And I get, too, how life can snow you under so quickly. Even here, I find myself so busy. There are so many activities they encourage us to try, like ceramics, book discussions, tai chi on the front lawn-a whole crowd goes to that, thinking it will work as well as antidepressants. Recently, I took my first tennis lesson. As it gets warmer, I’ll be able to practice more and more. There’s something very soothing about tennis, especially
thwacking the ball against a brick wall all alone.
A lot of things here make me think of you. Not long into my stay, I noticed a starling with only one leg. He managed to get around all right, but it still looked so difficult and painful. I gave him my extra crusts of bread and coaxed him to hop up on my finger. The gray cat started coming around not long after, small and skinny and with a pus-filled eye. I tried to catch her, but cats aren’t like dogs-they’re slaves to no one. I snagged a can of tuna and an opener from the kitchen, opened it on the lawn, and hid behind the hedges. It took a while, but the cat finally slunk to the can and eagerly began to eat.
Not long after, there was a terrible storm, washing debris onto the walkways, knocking down branches, cutting off our power for a few hours in the middle of the night. I worried about my animals-had they found shelter? Were they cold? I worried so much, I started scratching the skin on my arms raw, and the staff had to settle me down. The following day, the animals were right back in their regular spots, hopping about, begging for food. It made me realize how much tougher animals are than humans. Kind of pathetic, really.
Since then, the people here have helped me understand why I do these kinds of things for animals, why the tug I feel inside is so powerful. I could have swerved, you see. There was time, a few, fat seconds, where I could have gripped the wheel and wrenched it to the right. I remember, all too painfully, the heaviness of the deer’s body, the deafening thunk of impact. I will never forget that moment, or the moments that came after.
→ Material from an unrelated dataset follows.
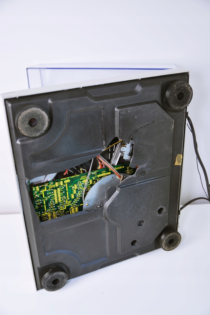 W gramofonie uszkodzona jest dolna obudowa lecz w żadnym przypadku nie przeszkadza to w funkcjonowaniu urządzenia, elektronika nie ruszona. Automatyka działa precyzyjnie. Obroty są stabilne nie falują. Górna pokrywa pęknięta. Zawiasy trzymają pokrywa nie opada.

Maybe it isn’t true-maybe there was no time to react. But since then, I’ve lived my life as though there was. So I wanted to write you to tell you that I understand, I think, what you were going through a while back. The way you felt about the military, about the bombing. How you connected it to other things. I know what it feels like to watch something happen and wish, going forward, that you could do something, anything, to change at least your world, the people around you, to keep everything close to you safe. But you don’t have to live that way, as you’ve made no fatal mistakes. You’ve done nothing wrong. I hope you realize that.
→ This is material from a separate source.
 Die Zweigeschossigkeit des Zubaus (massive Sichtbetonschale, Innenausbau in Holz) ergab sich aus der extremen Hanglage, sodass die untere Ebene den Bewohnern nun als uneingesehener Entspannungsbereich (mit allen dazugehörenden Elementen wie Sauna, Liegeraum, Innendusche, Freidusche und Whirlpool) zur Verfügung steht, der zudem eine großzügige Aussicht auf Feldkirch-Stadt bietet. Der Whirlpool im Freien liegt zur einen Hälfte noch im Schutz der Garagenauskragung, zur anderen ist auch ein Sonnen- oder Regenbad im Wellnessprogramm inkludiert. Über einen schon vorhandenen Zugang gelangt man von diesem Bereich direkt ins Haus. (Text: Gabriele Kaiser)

And maybe you don’t feel that way anymore, anyway-your life seems so different, richer, at least from what Summer has said. I hope that’s the case. I hope that one day, my life will be different and richer, too, but from this vantage point, sitting here in this little room, it’s so hard to know.
11
I sat in the waiting room at the dentist’s office. It was a new dentist in Lower Manhattan; I’d switched from my old one in Brooklyn when he moved his practice to New Jersey. The office walls were painted lavender, and there were the typical array of Life magazines on the coffee tables. A glossy poster across from me asked, What Are Molar Sealants? Another crowed, Let’s Talk Gingivitis! The ceiling fan rattled around, its cords swinging. When I came in, the receptionist announced that the air conditioner was broken. She was very defensive, as if someone had tried to blame her for not knowing how to fix air conditioners. The room felt thick and close. It was nearly a hundred degrees outside and only June.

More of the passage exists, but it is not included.